A Parashá desta semana, Itró, começa justamente no reencontro de Moshé com sua família. Após ter escutado todos os milagres que D'us havia feito ao povo judeu, Itró levou Tzipora e seus filhos ao encontro de Moshé no deserto. A Torá então explica o porquê dos nomes que Moshé deu aos seus filhos: "E os dois filhos dela, cujo nome de um deles era Guershom, pois ele (Moshé) disse "fui um peregrino (do hebraico "Guer") em uma terra estranha"; e o nome do outro era Eliezer, pois "o D'us de meu pai veio em minha ajuda (do hebraico "Ezer"), e Ele me salvou da espada do faraó" (Shemot 18:2-4).

Mas surgem algumas dúvidas sobre os nomes escolhidos por Moshé. Entendemos o nome dado a Eliezer, que foi na verdade um agradecimento à salvação milagrosa de D'us. Mas qual foi o propósito de dar o nome Guershom ao seu outro filho, ressaltando que ele era apenas um residente temporário em uma terra estranha? Além disso, Moshé deveria ter chamado seu primeiro filho de Eliezer e não o segundo, pois ele foi salvo da espada do faraó antes de ter se tornado um peregrino em Midian. Por que ele inverteu a ordem?

Explica o Chafetz Chaim que quando Moshé estava em Midian, ele olhou em volta e percebeu que era a única pessoa do lugar que acreditava em D'us.
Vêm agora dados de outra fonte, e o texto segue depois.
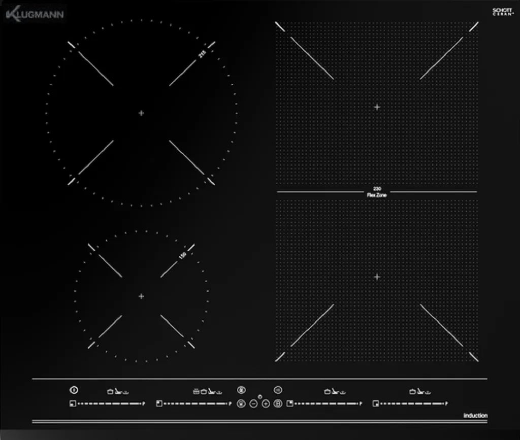 Klugmann Flex-Induktions-Kochfeld KI6000SB, MultiSlider-Touch, Direktfunktionen: Temperaturerhaltung, Kochen Und Auflösen Power Plus, Stop & Go-Funktionen, Digital Timer, 99-Minuten-Timer, Einfach Zu Säubern, Automatische Abschaltung, Warmhaltefunktion Restwärmeindikatoren, Quick Boiling, Acoustic Alarm, Mute Function, Automatic Safety Disconnection (Auto Lock)
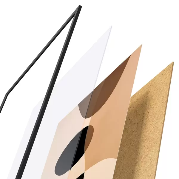 El póster consta de marco, plexiglás, imagen impresa y soporte de aglomerado. El póster puede colgarse inmediatamente en la pared gracias a los soportes de la parte posterior.
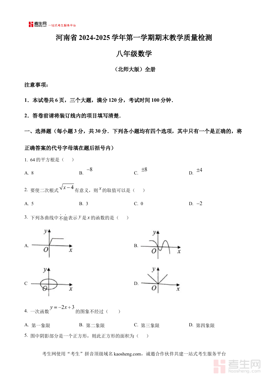 该资料主要适用于河南省郑州市新郑市2024-2025学年的八年级学生、数学教师及相关教育工作者。对于学生而言,通过这份原卷版试题可提前熟悉月考的题型结构与难度水平,助力制定更具针对性的备考计划;对于教师来说,它可作为课堂练习、阶段性评估或教学素材的补充,帮助提升教学的精准度与有效性,更好地服务于学生的阶段学习需求。
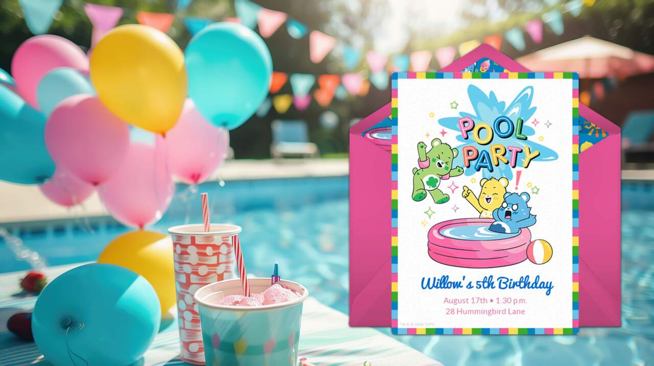 Celebrate the birthday boy or girl with plenty of water games and activities. Have a teen? Plan on lots of lounging, snacking, and listening to music (tip: let them create the playlist!). To start, browse summer birthday invitations like these adorable Care Bears pool party birthday invitations. Once you send out your invitations, get inspired with these birthday pool party ideas.
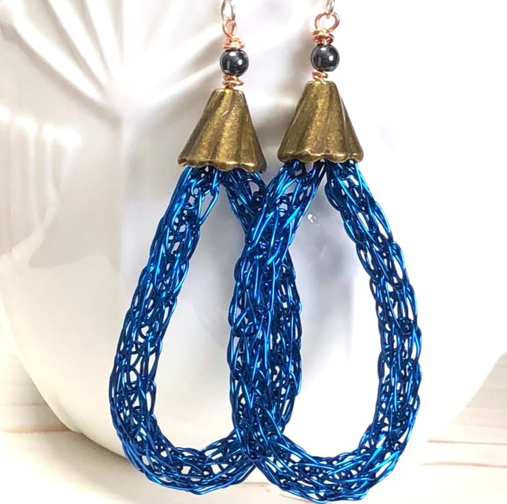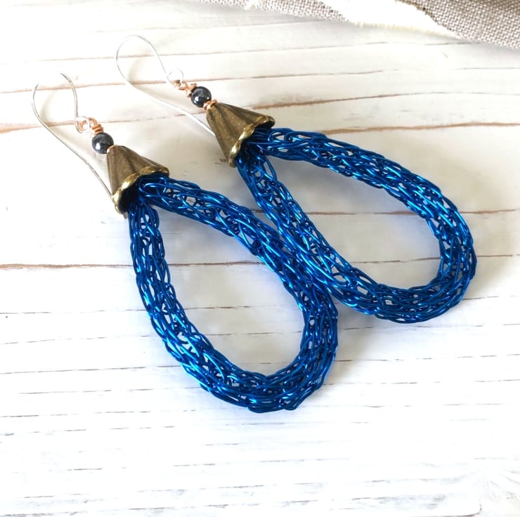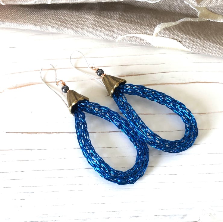 Ready for Christmas? These Woven Wire Drop Earrings in Deep Blue with Silver Ear Wires could be the perfect gift for wife, girlfriend, mum, friend, granny or anyone else you'd like to give a present to.
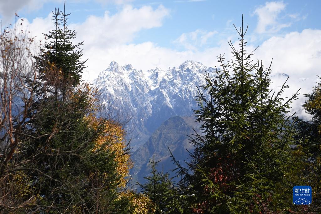 金秋時節,位于甘肅省甘南藏族自治州舟曲縣境內的拉尕山秋意漸濃,一場秋雪降臨后,拉尕山云纏霧繞,斑斕如畫。
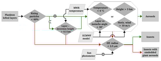 Methodology adopted for the identification of non-hydrometeor targets lofted layers. The green arrow indicates that the condition is fulfilled, and the red one that it is not.
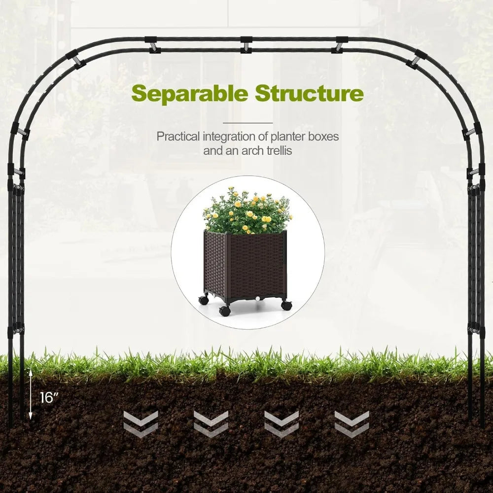 80 Inch Garden Arch Trellis Pergola with Planter Boxes Self-Watering
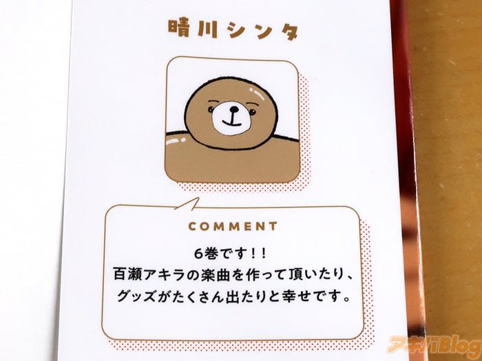 カバー折り返しで作者:晴川シンタ氏は『6巻です!百瀬アキラの楽曲を作って頂いたり、グッズがたくさん出たりと幸せです』などを書かれている。
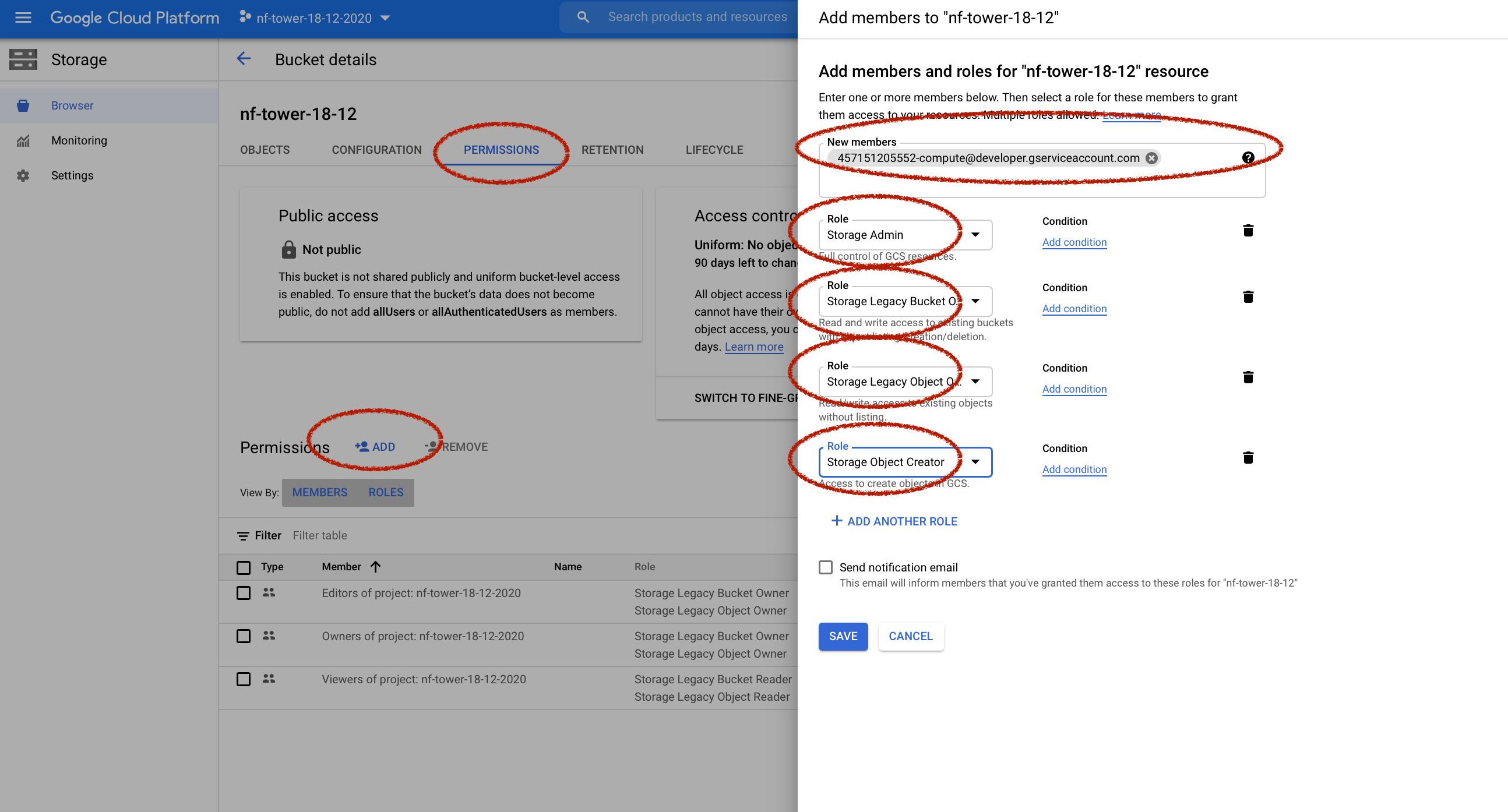 iii) Copy-paste the service account email created above into the new members box and add the following roles:
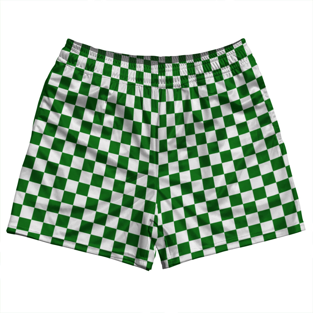 - Checkerboard 1 Inch Green Kelly and White Rugby Shorts Made In USA

Mesmo Itró, seu sogro, que futuramente se converteu ao judaísmo, naquele momento ainda era um sacerdote idólatra, e apenas quando D'us fez todos os milagres da saída do Egito é que ele despertou e deixou de acreditar na tolice de servir estátuas. Moshé, por estar completamente sozinho, teve medo de ser influenciado pelos atos e idéias das pessoas que estavam à sua volta. Por isso, logo que seu primeiro filho nasceu, ele escolheu um nome que seria constantemente um lembrete para que ele não se desviasse dos caminhos corretos. Mas como o nome Guershom podia ajudar a protegê-lo? O que ser um peregrino o ajudava a não transgredir?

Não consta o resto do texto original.